Former indoor American football team

Hawaii Hammerheads
| Founded | 1999 |
| Arena | Neal S. Blaisdell Center |
| Based in | Honolulu, Hawaii |
| Colors | Aqua, silver and black |
| League | Indoor Professional Football League |
| Head coach | Guy Benjamin |

The Hawaii Hammerheads was an indoor American football team in the Indoor Professional Football League (IPFL) during the 1999 season. The team was owned by George Hetherington and played home games at the Neal S. Blaisdell Center in Honolulu, Hawaii. The team's official colors were aqua, silver and black. The head coach for the Hammerheads was Guy Benjamin.

The Hammerheads brought Hawaii its first ever football championship with a 28–13 win against the Texas Terminators in the 1999 IPFL Championship game played at Austin, Texas.
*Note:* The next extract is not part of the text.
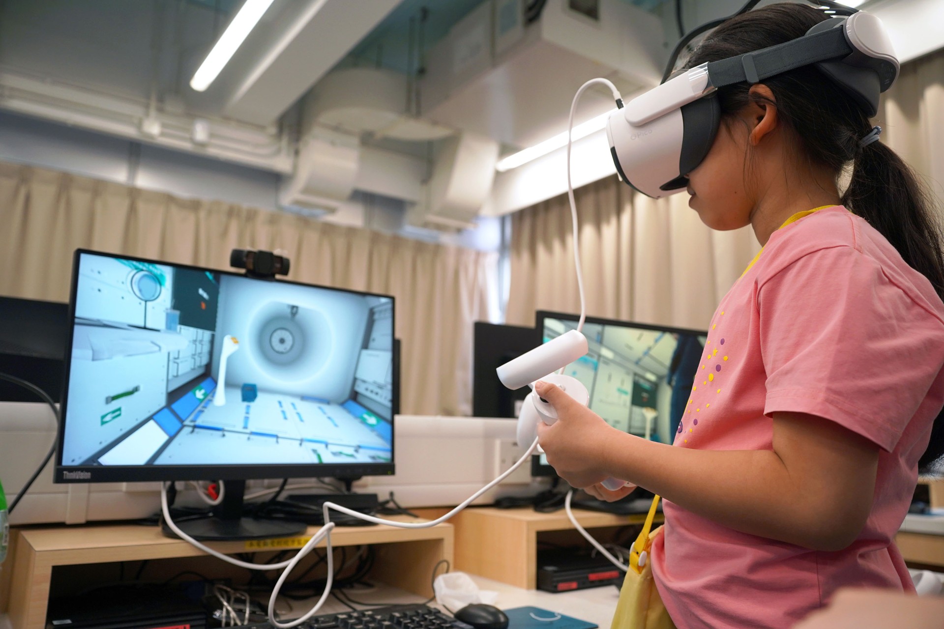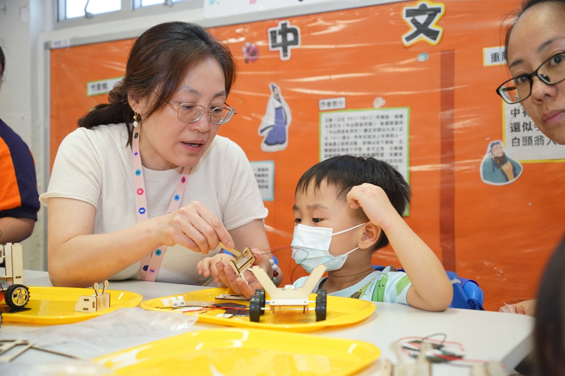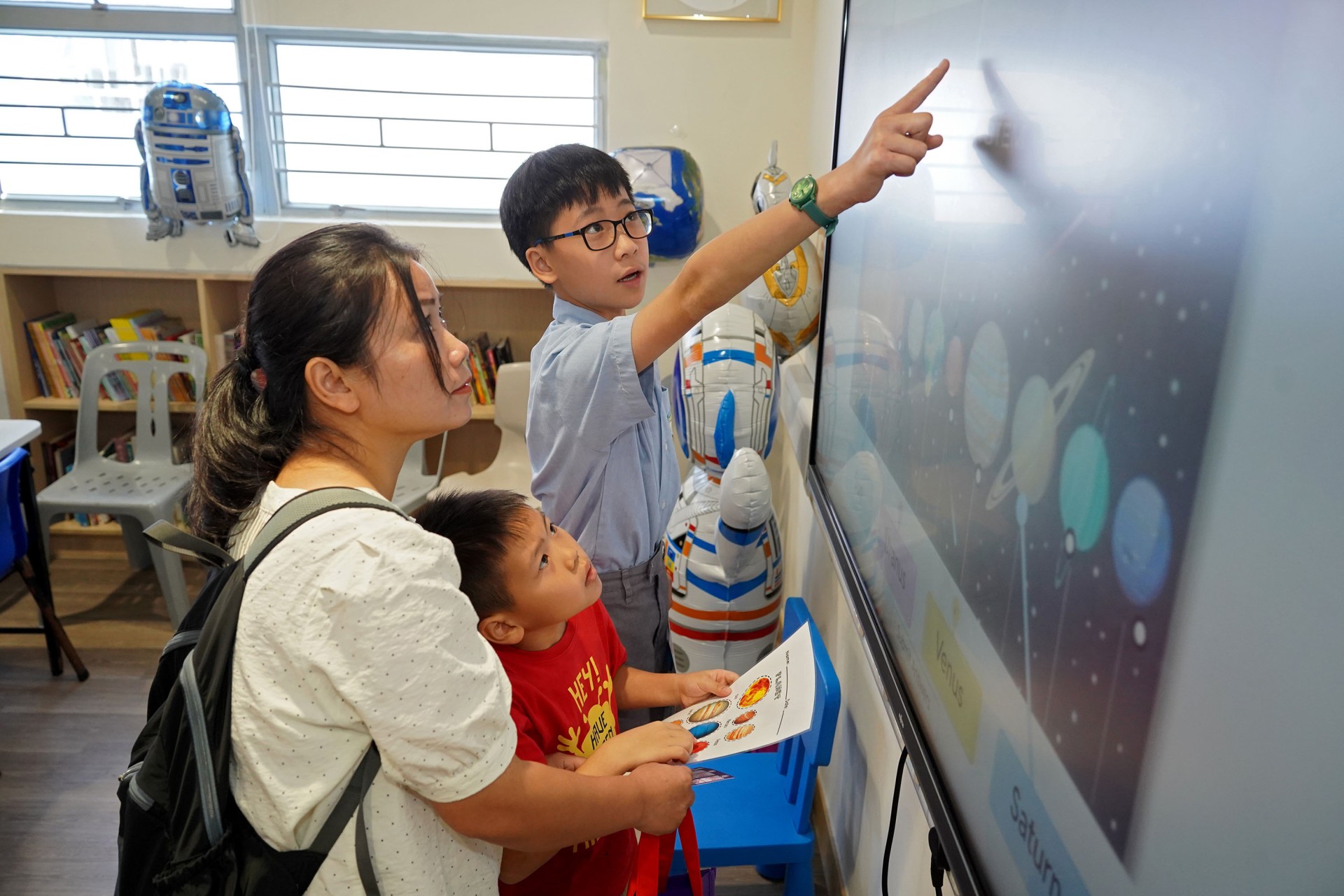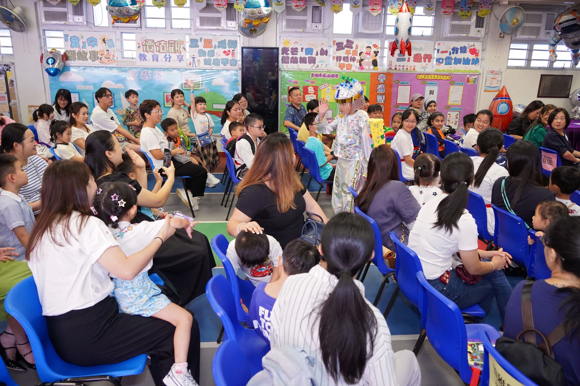 當天的航天體驗活動非常多元化,有動手製作的太陽能人造衞生及太陽能月球車工作坊;天宮空間站、北斗衞星、長征二號及五號火箭等的航天展覽;無人機火箭體驗活動;以天宮空間站實境設計,讓學生可以進行試驗,藉以理解無重狀態的VR太空艙體驗活動、航天服體驗等活動;此外,本校亦安排各科組以相同主題設計活動,例如數學科以不同星球的蘋果重量讓學生誘發學生對引力的興趣;又以太空故事作背景,讓學生以AI生成故事書等;將視藝元素結合STEM元素,製作動感火箭;以mbot讓學生體驗收集太空垃圾等,活動多元而緊扣課程,讓學生的學習變得更生動有趣。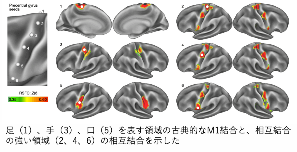 SCANは運動皮質上に、効果器領域(手、足、顔)と交互に現れるパターンで配置されており、それぞれ明確に異なる神経的ネットワークを形成しています

After the season, the team folded after not making any money in the first year and not being able to secure financial backing for the 2000 season.

==Hammerheads staff and team information==
Majority owner/president: George Heatherington

Minority owner: Robert Wu

Director of communications: Chris Hart

Director of sales and marketing: Kalei Kamakahi

Director of promotions: Tamme Strickland

Head coach: Guy Benjamin

== 1999 IPFL Hawaii Hammerheads schedule ==
Saturday, April 17 - Hawaii Hammerheads 27, Mississippi Fire Dogs 24

Saturday, April 24 - Texas Terminators 36, Hawaii Hammerheads 21

Thursday, April 29 - Texas Terminators 49, Hawaii Hammerheads 34

Sunday, May 9 - Hawaii Hammerheads 53, Idaho Stallions 37

Saturday, May 15 - Idaho Stallions 27, Hawaii Hammerheads 26 (OT)

Sunday, May 23 - Hawaii Hammerheads 57, Rocky Mountain Thunder 40

Friday, May 28 -Hawaii Hammerheads 37, Rocky Mountain Thunder 18

Saturday, June 5 - Hawaii Hammerheads 38, Idaho Stallions 34

Saturday, June 12 - Idaho Stallions 63, Hawaii Hammerheads 51

Saturday, June 19 - Hawaii Hammerheads 48, Rocky Mountain Thunder 44

Saturday, June 26 - Hawaii Hammerheads 28, Rocky Mountain Thunder 17

Saturday, July 3 - Hawaii Hammerheads 55, Texas Terminators 44

Saturday, July 10 - Hawaii Hammerheads 36, Louisiana Bayou Beast 13

Saturday, July 17 - Mississippi Fire Dogs 35, Hawaii Hammerheads 20

Sunday, August 1 - Hawaii Hammerheads 24, Louisiana Bayou Beast 20

Wednesday, August 4 - Louisiana Bayou Beast 32, Hawaii Hammerheads 30

IPFL Playoff game

Saturday, August 14 - # 2 Hawaii Hammerheads 36, at # 3 Mississippi Fire Dogs 16

==1999 IPFL Championship game==
On August 20, 1999, the # 2 Hawaii Hammerheads (10-6) defeated the # 1 ranked Texas Terminators 28–13 at the Travis County Expo Center in front of 4,527 fans. Behind an opportunistic defensive effort, the Hammerheads held the Texas offense, the league's highest-scoring unit, well below its regular-season average of 40.8 points per game. In doing so, Texas finished with just eight first downs and 144 yards of total offense. Aside from recording four turnovers (two fumble recoveries and two interceptions), Hawaii also held the regular-season champion Terminators scoreless for two quarters. Former Los Alamitos HS and University of Hawaii QB, Tim Carey, who later played in the Arena Football League, lead the team to its championship while earning the game's MVP honors.